The UK has (had) a tax credit for "Research and Development", intended to be a tax break for genuine R&D, but of course everyone lumped all software development into.
The UK eventually put out guidance that business as usual development isn't really "research and development", but afaik there hasn't been a serious crackdown on the practice.
It seems kind of absurd to pretend that most work that developers do is pioneering the profession.
R&D tax breaks make sense, both to encourage genuine research but also to prevent brain-drain.
Not taxing (or tax credits / refunds ) for line-of-business software isn't really excusable.

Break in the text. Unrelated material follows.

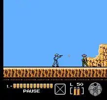 The Ranger's main weapon is a six-round revolver which can be loaded with standard or silver bullets (which cost twice as much, but have twice the firepower and can cut through targets). TNT sticks and even the Ranger's own fists can be used as weapons as well in the side-scrolling and top-down segments. The player can also obtain money bags and heart icons from defeated enemies to increase their cash and replenish their health respectively. If the player loses all of their energy the game will be over and the player must restart at the beginning of the Area. After completing an Area, Tonto will provide the player with a password which can be used to continue where the player has left off.[5][6]

It's bad that the law in the US has been changed in a cliff-edge way though.
I've dealt with this at a previous employer (where we did try to be reasonably honest and submitted things that had some R&D element, I can imagine a less principled approach). The concept of it seems sensible, in practice you end up justifying why something is R&D to essentially non-technical people, probably at some consultancy who can then repeat a moderately garbled version of your description to HMRC who presumably just approve in most cases because they also don't have the expertise to truly assess the subject matter (and let's face it, we'd all struggle, even if we believe we're expert software engineers, how do you assess whether work on a mortgage issuing product for a bank is truly R&D if you have no familiarity with the domain).
I've been questioned on whether systems I had a hand in would qualify for the R&D credits. Someone not particularly close to it had thought it might, but I explained to our external assessors that it didn't and they agreed with that.